Они уходили на кухню ужинать, а я утаскивался к себе в комнату, и как я проводил время до поры, когда нужно было выскакивать, направлять стопы в киоск? У меня это не сохранилось в памяти. Как-то проводил. Убивал, так будет точнее. Помню лишь, что именно тогда я осознал со всей ясностью: а ведь Стас пасется неведомо где и не говорит мне, где пасется. Последние дни я то и дело сменял не его, а невесть откуда возникшую бабу, всем своим видом и ухватками напоминавшую ту осветительницу, с которой ездил снимать свой первый сюжет про пчеловода.
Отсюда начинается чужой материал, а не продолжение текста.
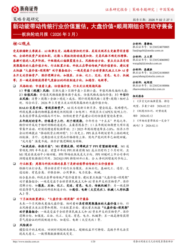 【浙商证券】【202603】新动能带动传统行业价值重估,大盘价值+顺周期组合可攻守兼备-20页 证券期货研究报告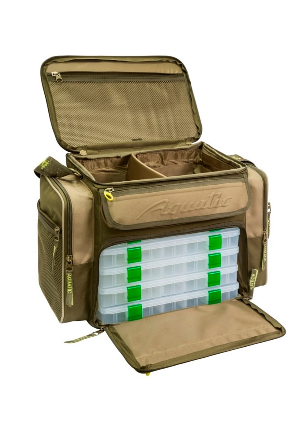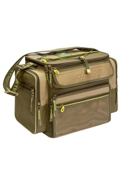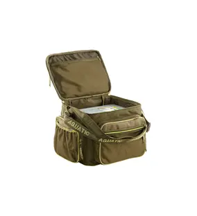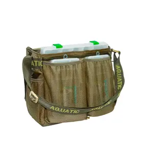 Сумка Aquatic СК-14 укомплектована 5 коробками FB-310 (306x228x39 мм) и 2 коробками FB-250 (255x188x39 мм). В верхнем отделении можно хранить катушки и другие необходимые вещи. Внутрь сумки вставлены пластиковые детали, что обеспечивает жесткость и дополнительную защиту содержимого. В эту сумку помещается столько приманок и принадлежностей, сколько не поместится в пластиковый ящик значительно большего размера. На сумке имеется светоотражающая отделка, позволяющая с помощью фонаря обнаружить сумку в темное время суток.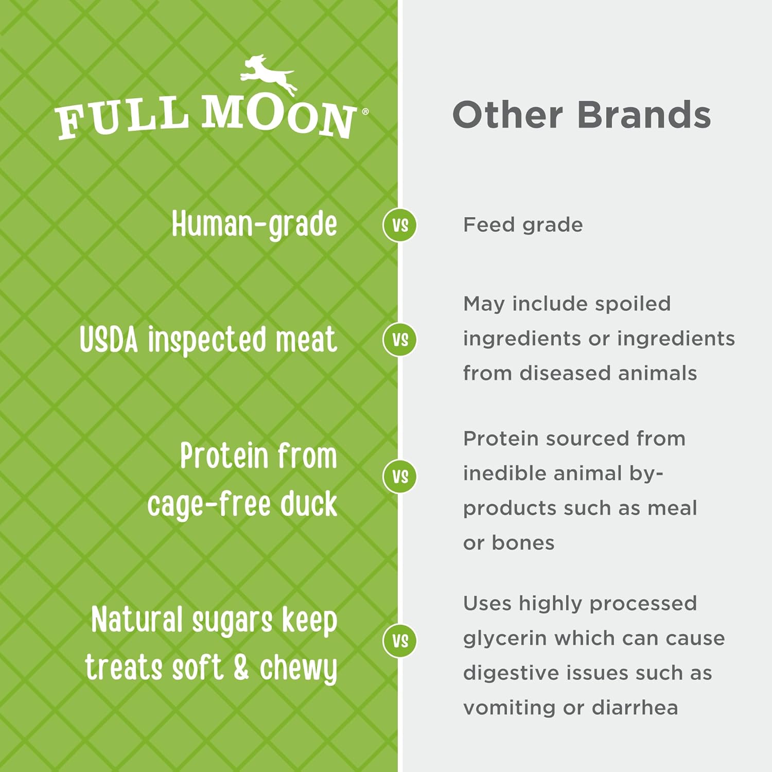 We Believe Dogs Deserve Food That Is Just As Good (Dare We Say Better) As Our Own. This Commitment Drives Our Choices, From How We Raise Our Animals, To The Ingredients We Choose, To The Kitchens We Use. YouâLl Notice The Difference The Second You Open A Bag Of Our Natural Dog Treats. Our Full Moon Treats Are Made With Love In The Usa. We Work Exclusively With The Trusted Family Farmers And Ranchers WeâVe Been In Business With For Years, Ensuring That Animals Are Raised To The Highest Ethical Standards. Every Bite Begins With Usda-Approved, Human-Grade Meatâ Cooked In Gleaming Kitchens Using Only 100% Natural IngredientsâAnd Ends With A Satisfied Pup. Each Of Our Healthy Snacks, Like Full Moon Essential Duck Tenders, Are Free Of Artificial Preservatives, Colors, Or Flavors And Full Of Things Dogs Love. Glycerin And Fillers Like Corn, Wheat, And Soy Have No Place In Our Recipes. In Other Words, We Only Use Simple, Natural Ingredients YouâD Find In A Grocery Store And Likely Eat Yourself, Like Cage Free Duck, Cassava Root, And Rosemary. Unlike Most Pet Food, We Slow Cook Our Treats In Small Batches Using Time Honored Techniques Like Smoking And Roasting To Retain More Of The FoodâS Nutritional Value And Flavor. It Results In A Far Better Product That We Think Your Pup Will Appreciate. And If YouâRe Lucky, TheyâLl Share!
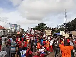 In 2019, the government agreed to the extension of a credit facility with the International Monetary Fund on the basis they would run a fiscal surplus, increase tax collection as a portion of GDP, reduce subsidies for petrol and electricity, increase investment in public infrastructure, reduce borrowing from the central bank and promote development of the private sector.[23] Following recommendations at the United Nation's Third International Conference on Financing for Development in Addis Ababa in October 2019, Condé announced that 15% of mining revenue would be dedicated to the National Agency for the Financing of Local Communities to boost local government, as well as introducing measures to raise tax collection from 13% to 15% of GDP.[24] This programme failed to bring immediate financial benefits for most citizens, with 60% of the labour force still working in the agricultural sector,[25] and the communities around the mines being inadequately compensated for land, water and health losses connected with the mineral extraction.[26][27][28]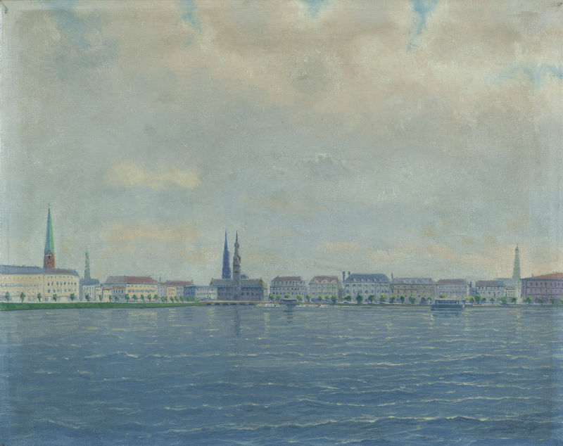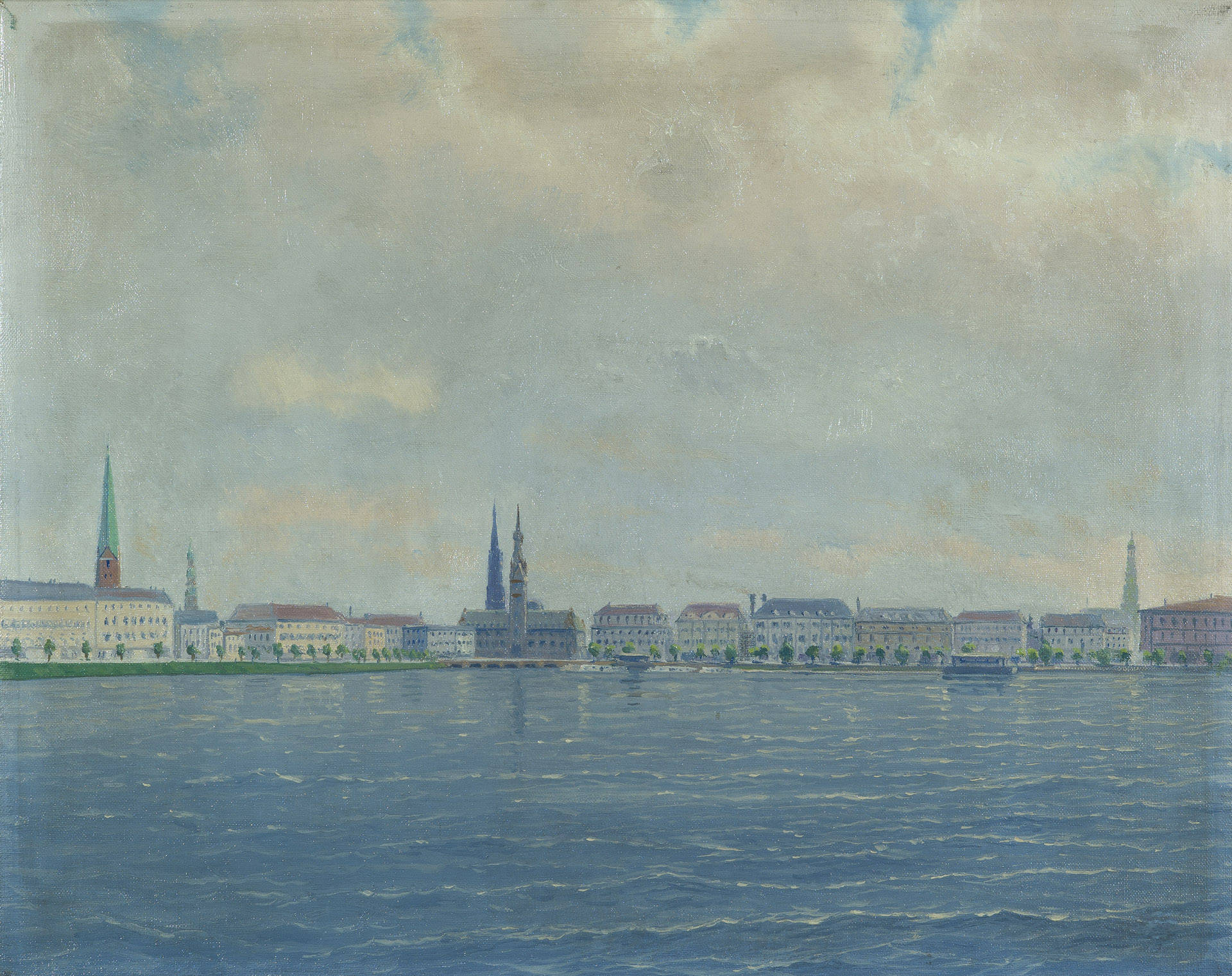 128 Öl auf Leinwand, 50 c 40 cm, Aussenalster, Sicht auf Rathaus und Jungfernstieg, "Ein echter Fritz W. Schulz sollte wegen Kunsthandel nicht signiert werden"

Я спрашивал ее, а где Стас, и она отвечала мне недовольно — как ответила бы осветительница: «Я за ним бегаю? Обещали полсмены, а я всю!» Слова ее означали, что Стас должен был ее сменить, но не появился. Однако и дома его тоже не было. И если он мог так беспардонно кинуть нашу новую напарницу, получалось, его отсутствие в киоске, означавшее присутствие в некоем другом месте, было хозяином киоска санкционировано?
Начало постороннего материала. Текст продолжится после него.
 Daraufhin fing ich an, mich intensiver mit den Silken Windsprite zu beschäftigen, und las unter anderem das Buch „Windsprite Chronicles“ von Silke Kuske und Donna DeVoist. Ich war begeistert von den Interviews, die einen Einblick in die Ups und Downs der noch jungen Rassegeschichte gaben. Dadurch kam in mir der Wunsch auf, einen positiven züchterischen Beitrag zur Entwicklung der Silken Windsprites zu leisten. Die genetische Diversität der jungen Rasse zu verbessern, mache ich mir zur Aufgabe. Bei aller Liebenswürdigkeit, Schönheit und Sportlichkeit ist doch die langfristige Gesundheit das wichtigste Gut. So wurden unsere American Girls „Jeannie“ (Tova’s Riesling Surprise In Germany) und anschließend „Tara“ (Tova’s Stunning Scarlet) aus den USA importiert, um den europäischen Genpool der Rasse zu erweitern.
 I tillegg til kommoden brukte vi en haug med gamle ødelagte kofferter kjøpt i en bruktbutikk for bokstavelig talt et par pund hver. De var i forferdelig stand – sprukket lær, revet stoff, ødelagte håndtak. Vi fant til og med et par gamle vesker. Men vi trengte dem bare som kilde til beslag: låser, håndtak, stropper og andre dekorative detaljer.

В Стакане, когда я наконец осилил себя встать до заката солнца и выйти на улицу при дневном свете, я прямым ходом устремился в буфет. И уже не вылезал из него целую неделю. Отбывал свою смену в киоске, спал часов пять и отправлялся кантоваться в буфете. Чтобы покинуть его только тогда, когда мне уже следовало вновь лететь птицей к моему боезапасу. Я ходил в буфет, как на работу. Наверное, за эту неделю половину своей выручки он сделал на мне. Но и с кем я только не перемолотил языком за эту неделю. Плодами той недели я после кормился и кормился.
Кто из знакомых подсел ко мне за стол вместе с Борей Сорокой — это исчезло из памяти, а вот сам Боря в моей памяти — до конца дней, что мне отпущены на земле.
Разумеется, когда он в сопровождении того исчезнувшего из памяти знакомого подошел к моему столу, я и понятия не имел, как его зовут и кто он такой. Но что я сразу отметил в нем — это то, как он был одет. Роскошно он был одет. В таких двубортных костюмах, как у Бори, тогда начинали ходить многие, но почти у всех они имели довольно жалкий, дешевый вид — дешевый материал, дешевое шитье, выдающее себя пузырями и обвислостями, — материя темно-болотного Бориного костюма так и била в глаз своей тончайшей выделкой, а то, как сидел на нем пиджак, свидетельствовало о высочайшем классе фирмы, его пошившей.
Сорока — это было не прозвище. Это была его фамилия. И знакомство наше началось с шуток по поводу его фамилии. Которым, впрочем, он неожиданно положил конец, произнеся совсем не шутливо:
— Конечно, хотелось бы с полным основанием полагать себя орлом, но пока, к сожалению, дотягиваю только до сокола.
— Уже недурственно, — не осознав в полной мере серьезности его тона, сказал я. — Сокол Сорока. Отлично звучит.
— Нет. — Он покачал головой. — Орел Сорока лучше. Но пока только сокол.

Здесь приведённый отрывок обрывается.